Similarly, Biden's plan calls for $350 billion to backstop state budgets, which were projected to be down as much as 8 percent overall this year. Yet according to The Wall Street Journal, total revenues were down just 1.6 percent for the 2020 fiscal year, and 18 states ended the year with above-projection revenue. As Reason's Christian Britschgi noted last week, Biden's plan would disburse money to every state—including California, which is set for a $15 billion surplus. Previous coronavirus relief bills, meanwhile, have already doled out $300 billion to bolster state budgets. The billions in extra funding Biden's plan would deliver to soaring state budgets would, in all likelihood, not be spent this coming year. So much for not having a second to waste.
There's more like this peppered throughout Biden's pandemic relief plan. Biden and his communications team raise the issue of food insecurity—then insist that checks should go to a two-earner family with stable jobs making $120,000 a year in a city with a roughly $40,000 annual median income for couples.
This is despite the fact that the average couple with comparable six-figure earnings has experienced no unusual job loss and has piled up record levels of personal savings.
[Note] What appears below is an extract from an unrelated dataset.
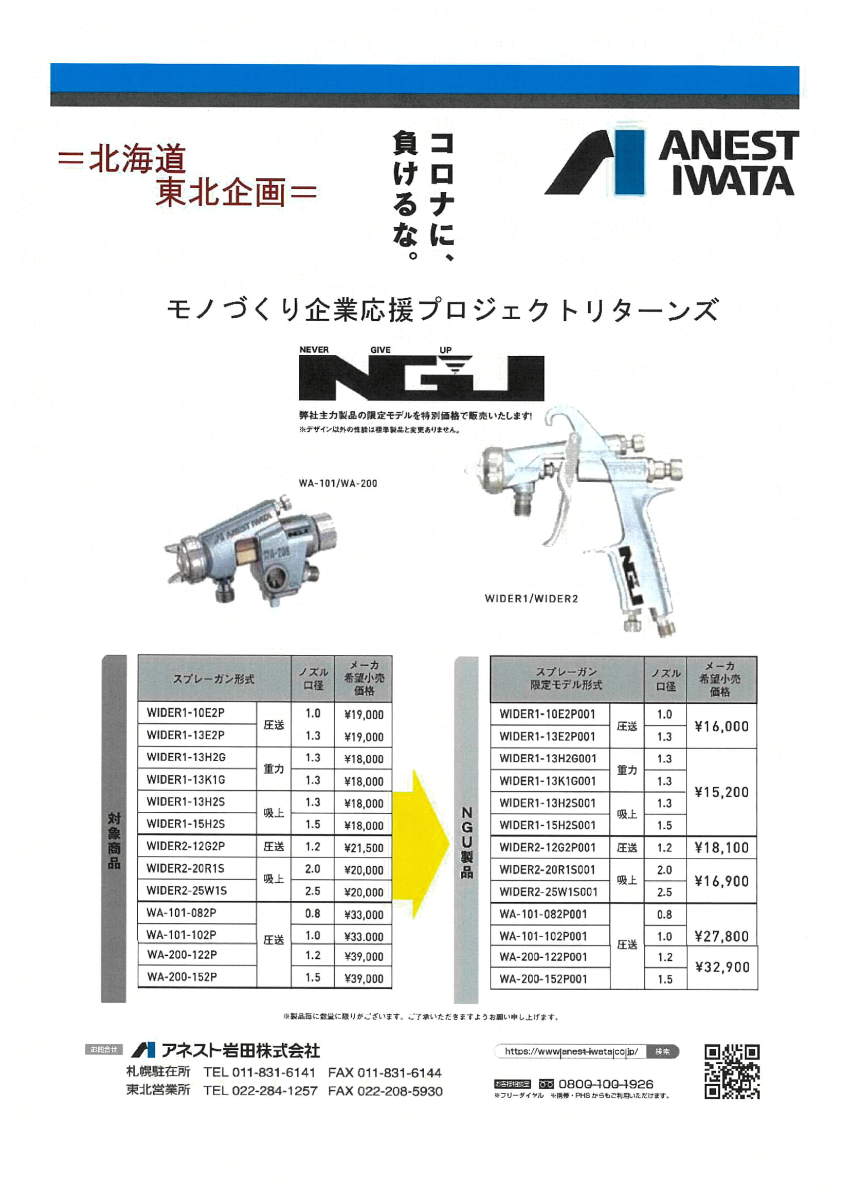 アネスト岩田(株)様のスプレーガンが、限定モデルだけでなく通常製品よりお安くなっております!

Even if the goal is just to pump more money into the economy, these checks wouldn't, for the most part, be spent. They'd just add to the savings.
As the Committee for a Responsible Federal Budget (CRFB) notes, half the spending in the coronavirus relief plan would go toward such poorly targeted measures. The plan also includes expansions to Obamacare subsidies and would hike the federal minimum wage to $15 an hour—in 2025. Ultimately, the hike would cost jobs rather than preserve them. But raising the federal minimum wage has been a Democratic policy priority for years, so it got stuffed into the relief bill grab bag.
How much of this alleged coronavirus relief plan is actually related to the coronavirus? According to CRFB, just 1 percent of the relief plan's spending would go toward vaccines, and just 5 percent would go toward pandemic-related public health needs. Meanwhile, 15 percent of the spending—about $300 billion—would be spent on long-standing policy priorities that are not directly related to the current crisis.
Biden keeps insisting that time is of the essence, that massive federal spending is urgently needed to speed America's recovery from its coronavirus-induced health and economic downturn. But the practical details of his plan say otherwise. The president's relief plan is an object lesson in non-urgent, non-vital policymaking. Biden is pitching a coronavirus relief package that has very little to do with coronavirus relief.